Флора застенчиво присела на краешек стула.
— Мне много не надо, гос… спасибо, сэр, спасибо, мэм. Леди уже дала мне малость покушать.
— Чтоб эти спички снова стали руками и ногами, тебе надо хорошенько питаться, — ответила Джейн, накладывая Флоре целую груду всякой всячины: жареной свинины, картофельного пюре, тушеных кабачков, фасоли, пикулей, кукурузного хлеба с маслом и джемом, — а напоследок поставила возле тарелки высокий стакан с принесенным из погреба холодным молоком.
Эдмондс из кожи вон лез, чтобы завязалась непринужденная беседа. И когда он заявил: «Наконец-то у меня появился слушатель, не успевший выучить назубок все мои шутки и прибаутки», — то все-таки сумел добиться от гостьи негромкого смешка.
После кофе с пирогом взрослые вверили Нэлли попечению Уильяма и удалились в гостиную. Эдмондс раскрыл семейную Библию и прочел вслух:
— И сказал Господь: Я увидел страдание народа Моего в Египте, и услышал вопль его от приставников его; Я знаю скорби его, И иду избавить его от руки Египтян и вывести его из земли сей в землю хорошую и пространную, где течет молоко и мед…* [Ветхий Завет. Исход: 3, 7—8.]
Флора вздрогнула.
— Отпусти мой народ… — прошептала она. На глаза у нее навернулись слезы. Джейн обняла ее и тоже всплакнула.

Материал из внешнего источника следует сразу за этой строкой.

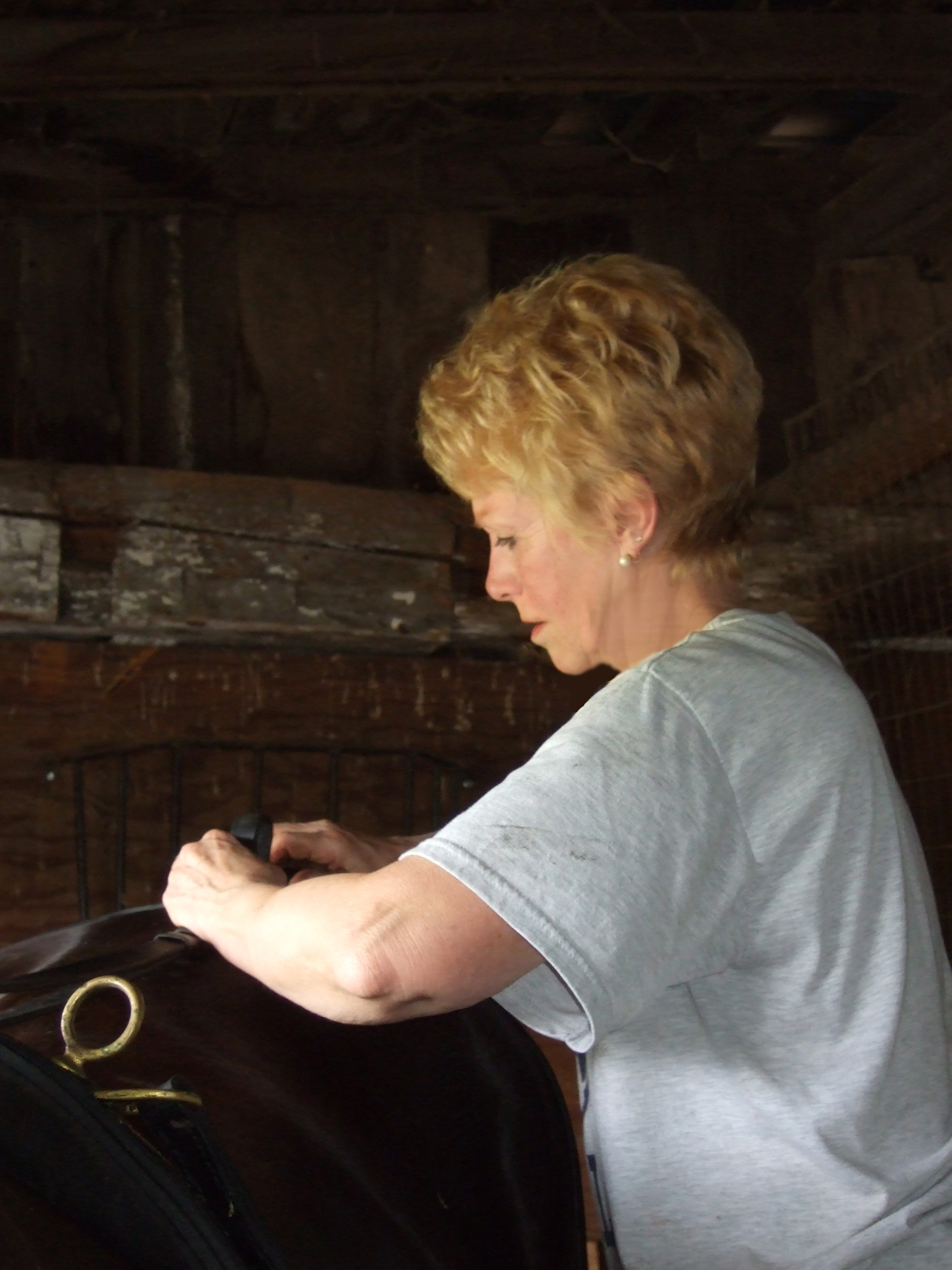“In a minute, I need to get the harness,” she replied. Donna walked to the tack room and came back with the equipment.

Во время совместной молитвы Эдмондс пригляделся к девушке повнимательнее, и она осмелилась ответить ему таким же прямым взглядом, не потупившись. Пробравшийся сквозь занавески солнечный луч заиграл на ее темной коже, и впервые за весь день Эдмондс словно утратил уверенность в себе. Прокашлявшись, он сказал:
— Флора, тебе до сумерек надо поспать — но, может, твой сон будет крепче, если ты поведаешь нам что-нибудь о себе. Если не хочешь, можешь не говорить, никто тебя не неволит. Просто если тебе, ну, хочется выговориться — перед тобой друзья.

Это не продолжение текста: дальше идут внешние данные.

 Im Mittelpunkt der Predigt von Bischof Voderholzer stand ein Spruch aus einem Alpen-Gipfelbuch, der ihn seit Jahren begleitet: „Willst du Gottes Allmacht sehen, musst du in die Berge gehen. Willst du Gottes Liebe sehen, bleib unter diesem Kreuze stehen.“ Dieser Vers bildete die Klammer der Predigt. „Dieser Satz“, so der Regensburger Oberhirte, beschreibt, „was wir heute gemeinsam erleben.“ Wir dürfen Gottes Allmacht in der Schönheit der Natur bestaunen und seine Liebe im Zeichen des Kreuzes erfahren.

— Да мне не особо есть чего рассказать, сэр, и кое-что вовсе жуткое.
— Ты сядь, — подбодрила ее Джейн. — За меня не беспокойся — мой отец был доктором, я сама хожу за скотом, так что смутить меня не так уж просто.
— Далек ли был твой путь? — поинтересовался Эдмондс.
— Ясное дело, сэр. Не знаю, сколько миль, но дни и ночи я считала. Семнадцать штук. Частенько думала, что помру, а мне бы и ничего, можно и помереть, лишь бы не схватили. Меня хотели запродать ниже по реке.
— Но почему? — Джейн ласково положила ладонь девушке на руку. — Чем ты им не угодила? И вообще чем ты там занималась? Я имею в виду — что делала?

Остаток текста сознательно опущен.